● WHAT YOU SHOULD DO: Reproduce the lines below exactly, from the one containing "Decadent layers of" through the one containing "Das Kriegeramulett stellt", both included. Leave out any pictures.

● AVAILABLE DATA:
####################

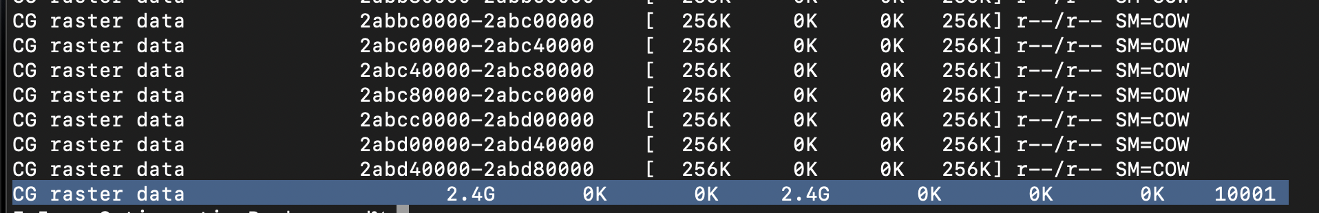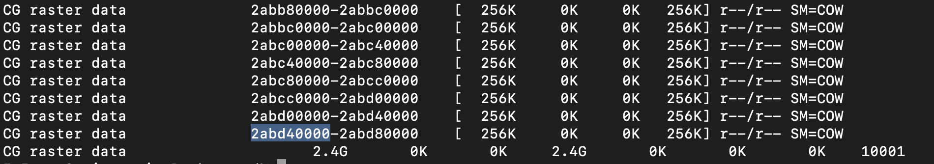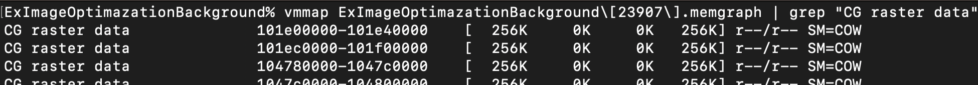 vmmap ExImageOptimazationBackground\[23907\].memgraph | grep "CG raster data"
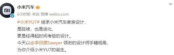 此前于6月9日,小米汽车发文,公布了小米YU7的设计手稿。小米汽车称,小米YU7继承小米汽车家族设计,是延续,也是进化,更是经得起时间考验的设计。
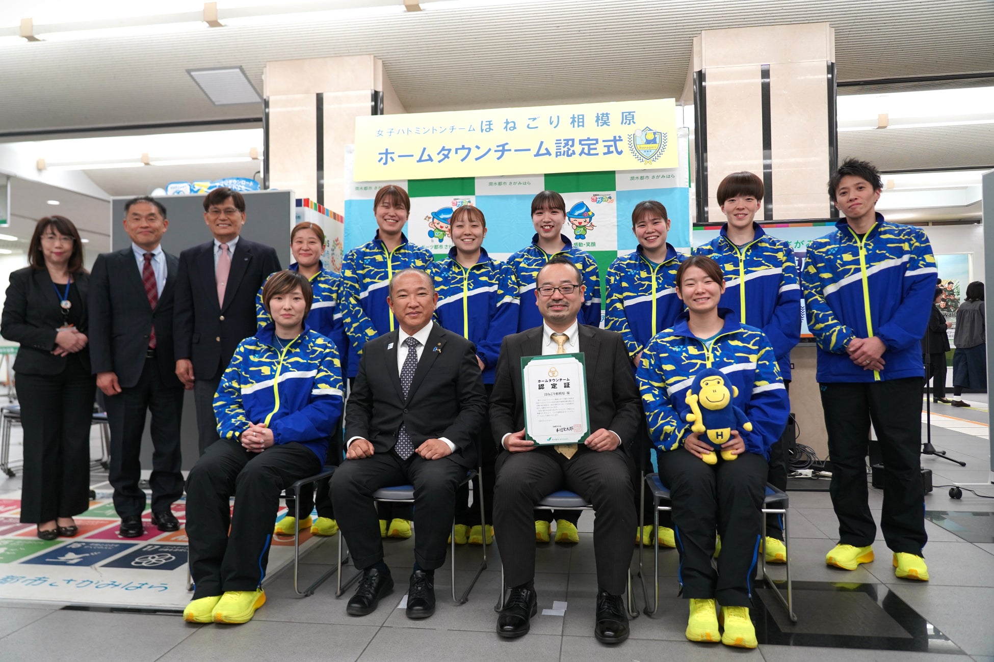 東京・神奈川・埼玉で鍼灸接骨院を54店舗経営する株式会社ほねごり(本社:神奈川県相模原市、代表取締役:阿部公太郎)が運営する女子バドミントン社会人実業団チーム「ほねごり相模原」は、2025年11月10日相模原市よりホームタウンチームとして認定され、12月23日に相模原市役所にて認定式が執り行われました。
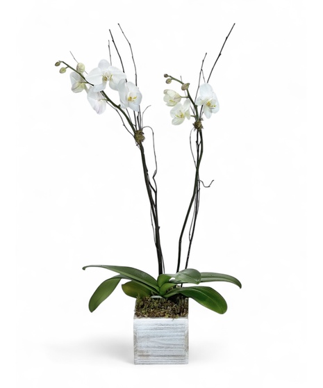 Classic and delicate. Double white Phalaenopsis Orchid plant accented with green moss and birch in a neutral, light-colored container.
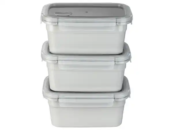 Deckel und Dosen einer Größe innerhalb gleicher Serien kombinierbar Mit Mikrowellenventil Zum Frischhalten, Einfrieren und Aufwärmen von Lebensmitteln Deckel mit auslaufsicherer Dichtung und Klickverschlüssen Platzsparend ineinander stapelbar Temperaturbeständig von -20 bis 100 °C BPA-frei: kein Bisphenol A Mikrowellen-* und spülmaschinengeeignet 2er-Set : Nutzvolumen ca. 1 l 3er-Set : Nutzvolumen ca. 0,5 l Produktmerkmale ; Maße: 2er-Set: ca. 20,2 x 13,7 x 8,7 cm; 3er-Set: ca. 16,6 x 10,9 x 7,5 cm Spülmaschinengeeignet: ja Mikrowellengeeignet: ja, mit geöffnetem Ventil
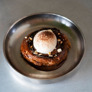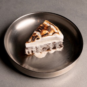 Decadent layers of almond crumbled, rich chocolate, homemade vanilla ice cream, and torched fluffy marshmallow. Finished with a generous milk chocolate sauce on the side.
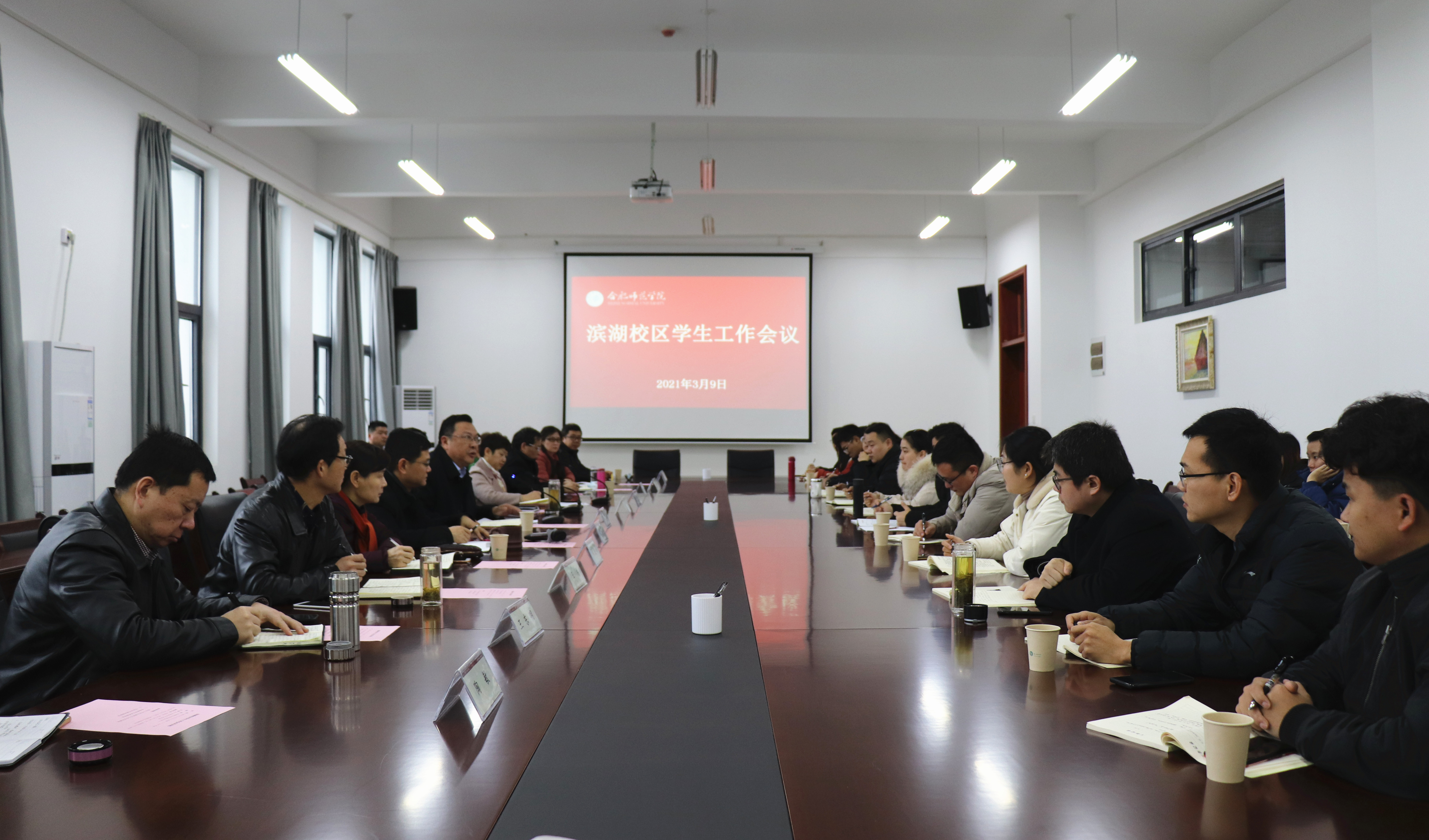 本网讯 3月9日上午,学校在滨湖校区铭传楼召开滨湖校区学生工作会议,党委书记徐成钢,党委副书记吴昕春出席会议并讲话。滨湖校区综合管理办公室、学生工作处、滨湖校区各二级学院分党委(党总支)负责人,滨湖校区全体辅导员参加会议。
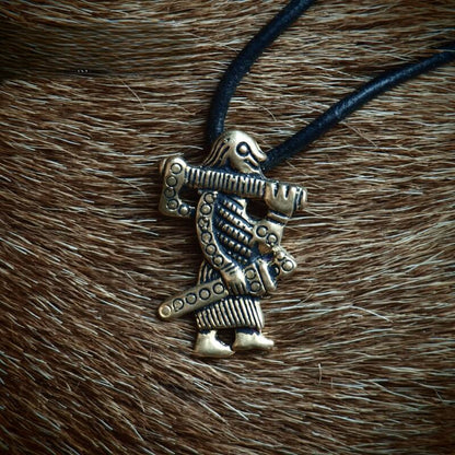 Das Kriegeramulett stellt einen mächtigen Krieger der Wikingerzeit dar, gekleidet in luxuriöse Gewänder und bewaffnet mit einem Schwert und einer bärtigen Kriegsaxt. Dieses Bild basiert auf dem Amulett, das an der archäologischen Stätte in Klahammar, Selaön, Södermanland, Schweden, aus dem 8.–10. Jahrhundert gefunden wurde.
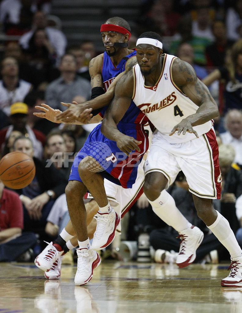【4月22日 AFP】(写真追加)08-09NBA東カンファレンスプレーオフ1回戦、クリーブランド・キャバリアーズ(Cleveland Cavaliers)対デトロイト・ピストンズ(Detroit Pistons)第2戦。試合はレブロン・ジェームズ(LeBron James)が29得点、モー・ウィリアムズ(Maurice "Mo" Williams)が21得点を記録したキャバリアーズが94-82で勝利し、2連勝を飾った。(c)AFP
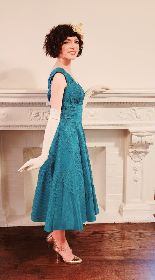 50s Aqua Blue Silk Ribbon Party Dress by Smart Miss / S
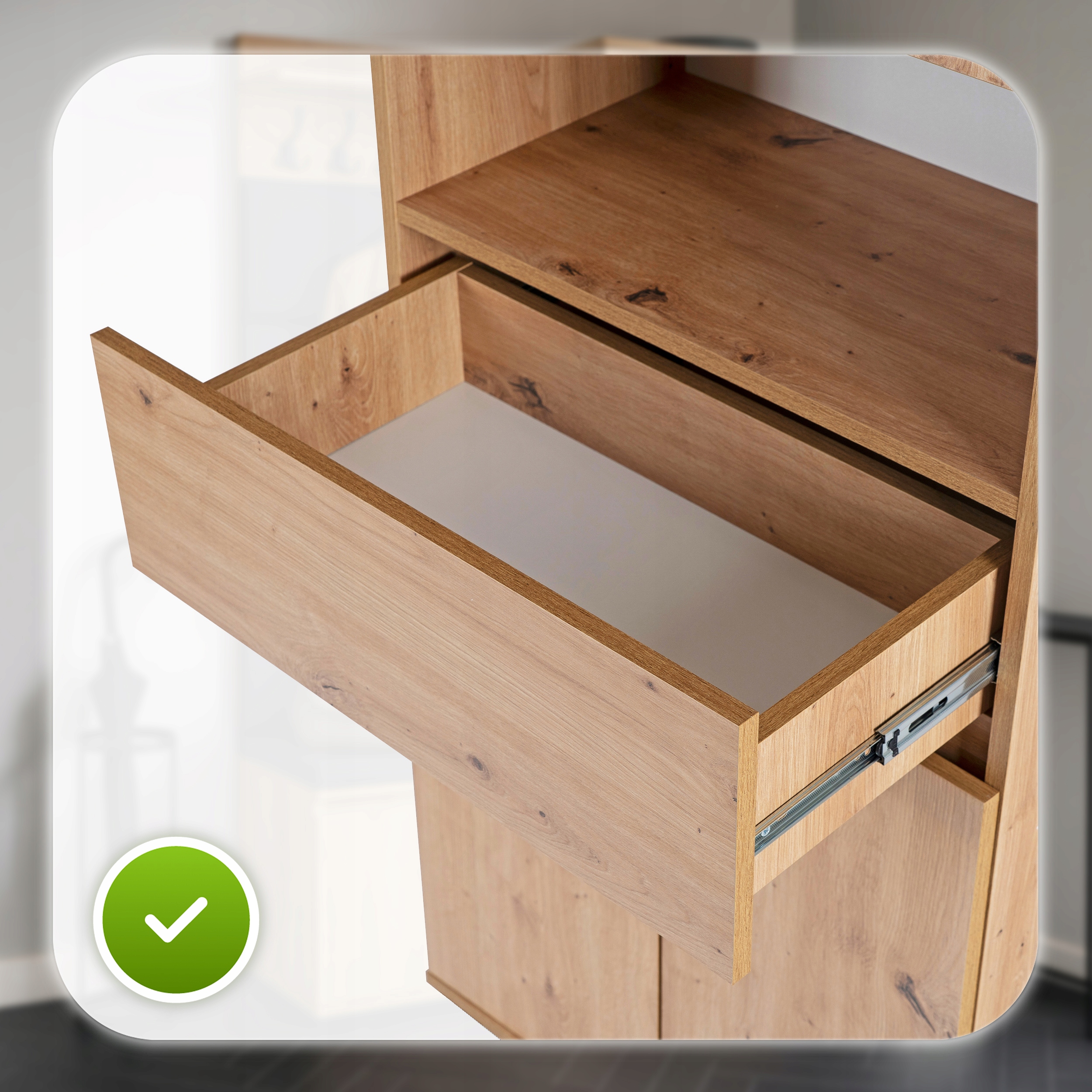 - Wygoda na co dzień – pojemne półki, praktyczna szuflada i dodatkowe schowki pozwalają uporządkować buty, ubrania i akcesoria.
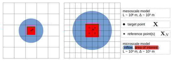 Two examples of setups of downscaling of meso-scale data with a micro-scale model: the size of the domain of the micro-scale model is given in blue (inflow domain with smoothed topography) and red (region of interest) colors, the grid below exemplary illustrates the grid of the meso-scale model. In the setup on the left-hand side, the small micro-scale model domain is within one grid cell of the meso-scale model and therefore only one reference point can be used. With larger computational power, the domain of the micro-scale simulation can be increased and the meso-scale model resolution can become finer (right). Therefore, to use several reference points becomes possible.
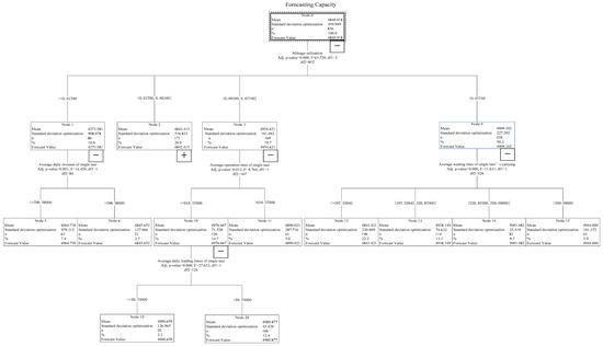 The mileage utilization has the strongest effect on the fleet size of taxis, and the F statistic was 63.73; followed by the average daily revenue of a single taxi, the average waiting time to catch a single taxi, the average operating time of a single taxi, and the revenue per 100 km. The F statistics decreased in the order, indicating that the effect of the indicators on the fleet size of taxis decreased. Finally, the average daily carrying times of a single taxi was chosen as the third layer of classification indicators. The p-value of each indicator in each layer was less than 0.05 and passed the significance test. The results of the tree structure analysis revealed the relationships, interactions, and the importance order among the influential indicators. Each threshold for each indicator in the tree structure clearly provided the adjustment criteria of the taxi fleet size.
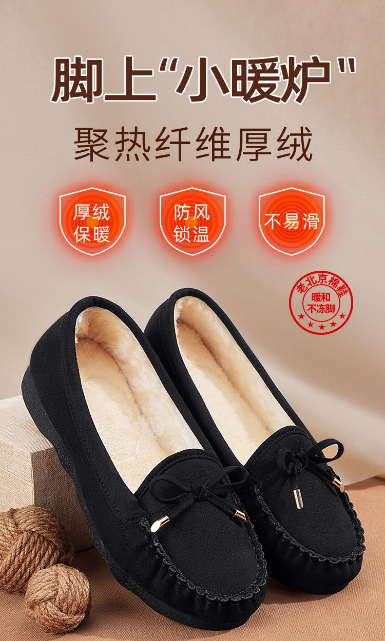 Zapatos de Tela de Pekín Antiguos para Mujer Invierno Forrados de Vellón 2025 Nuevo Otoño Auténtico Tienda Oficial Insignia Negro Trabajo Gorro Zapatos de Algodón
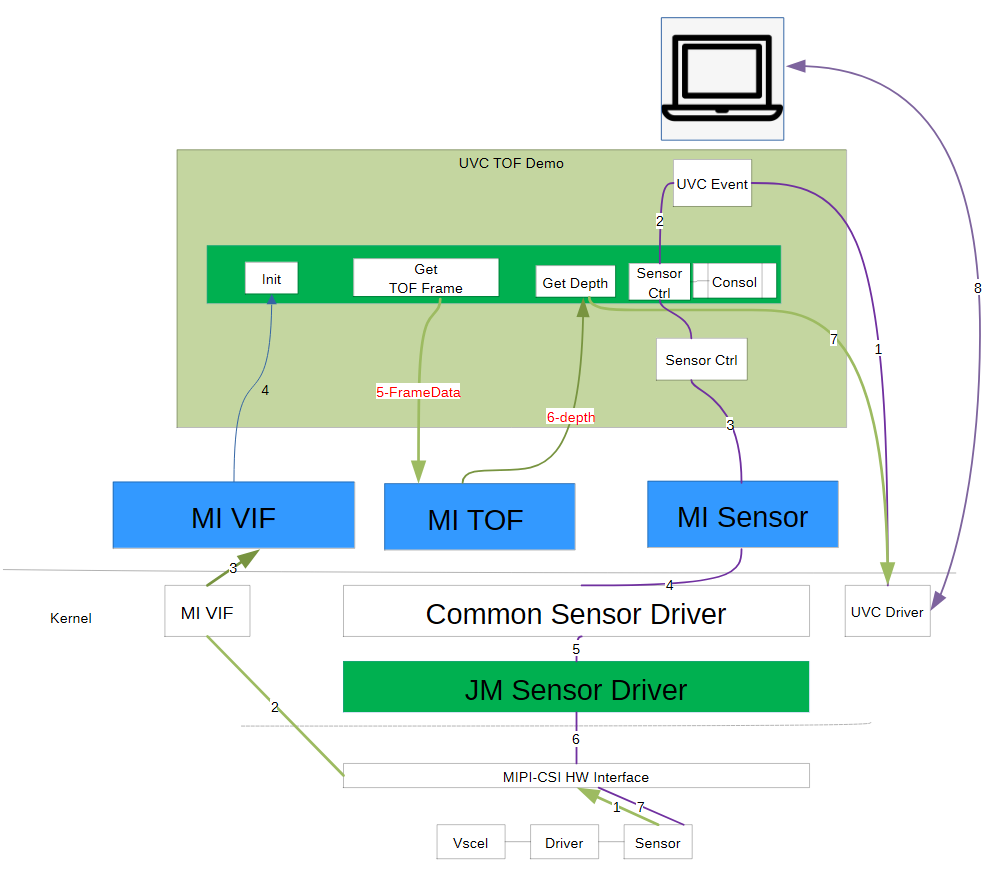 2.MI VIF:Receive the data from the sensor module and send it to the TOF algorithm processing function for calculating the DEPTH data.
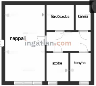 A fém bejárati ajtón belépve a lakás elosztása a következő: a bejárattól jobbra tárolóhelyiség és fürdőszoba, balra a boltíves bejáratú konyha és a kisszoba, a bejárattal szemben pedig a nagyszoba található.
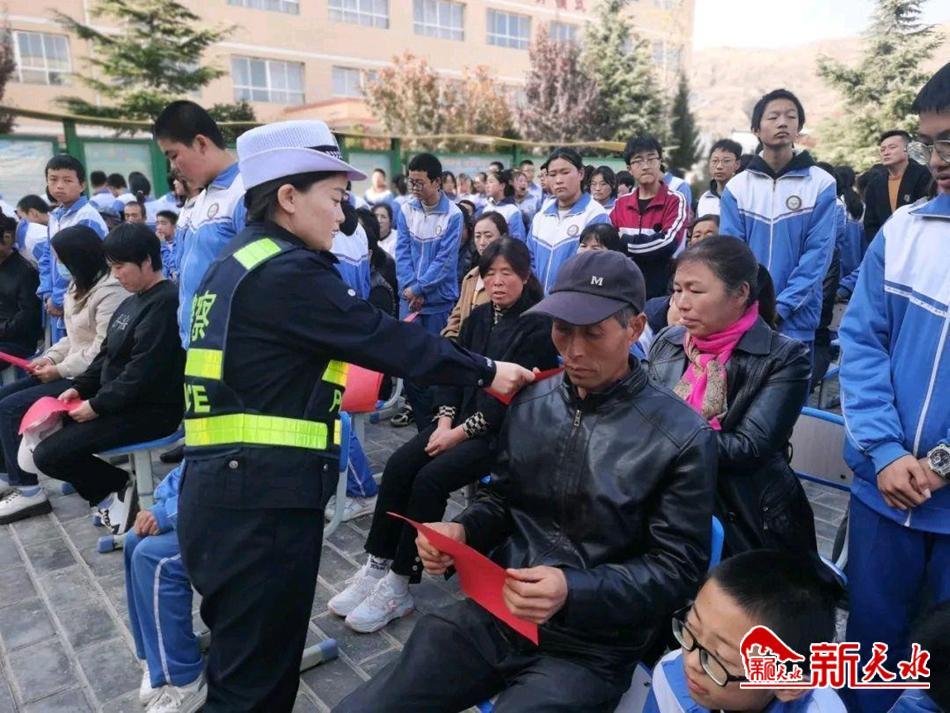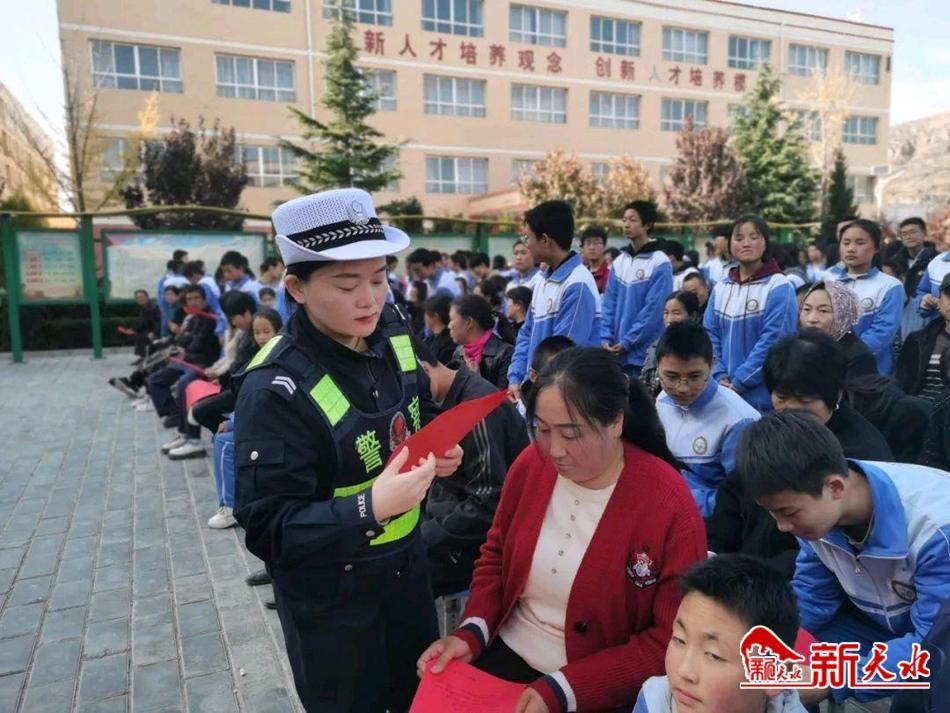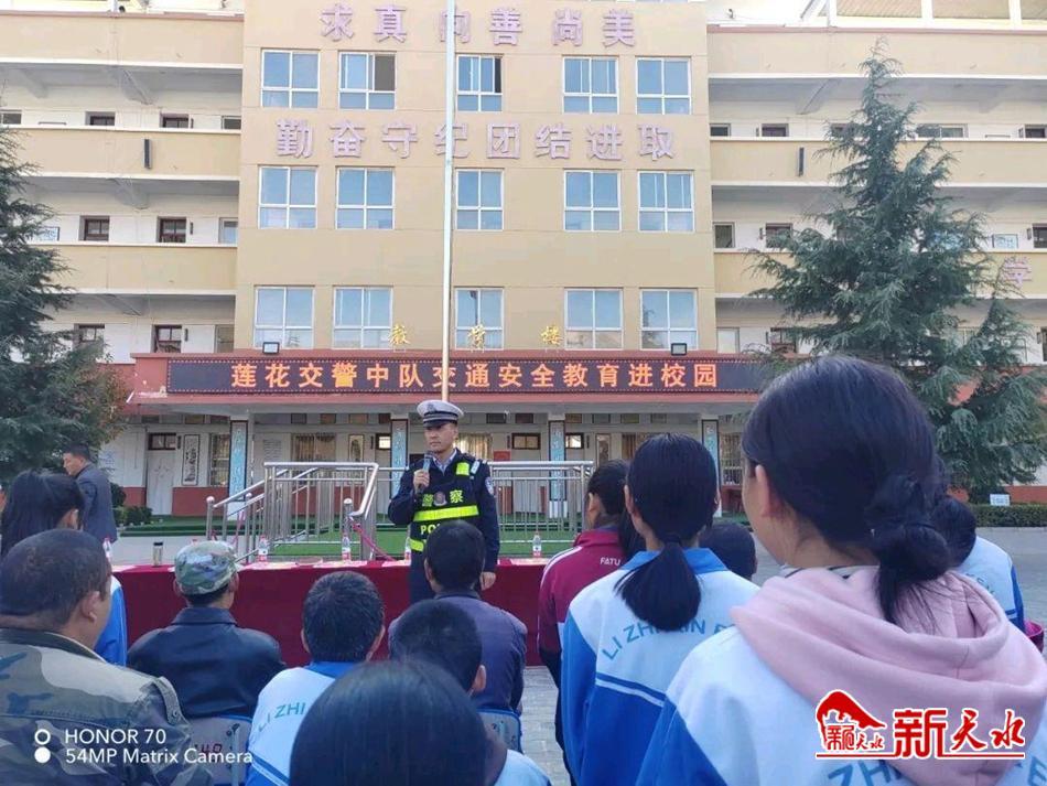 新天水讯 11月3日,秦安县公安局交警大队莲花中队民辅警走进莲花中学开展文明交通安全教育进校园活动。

####################

● WRITTEN REPLY:
 Decadent layers of almond crumbled, rich chocolate, homemade vanilla ice cream, and torched fluffy marshmallow. Finished with a generous milk chocolate sauce on the side.
 本网讯 3月9日上午,学校在滨湖校区铭传楼召开滨湖校区学生工作会议,党委书记徐成钢,党委副书记吴昕春出席会议并讲话。滨湖校区综合管理办公室、学生工作处、滨湖校区各二级学院分党委(党总支)负责人,滨湖校区全体辅导员参加会议。
 Das Kriegeramulett stellt einen mächtigen Krieger der Wikingerzeit dar, gekleidet in luxuriöse Gewänder und bewaffnet mit einem Schwert und einer bärtigen Kriegsaxt. Dieses Bild basiert auf dem Amulett, das an der archäologischen Stätte in Klahammar, Selaön, Södermanland, Schweden, aus dem 8.–10. Jahrhundert gefunden wurde.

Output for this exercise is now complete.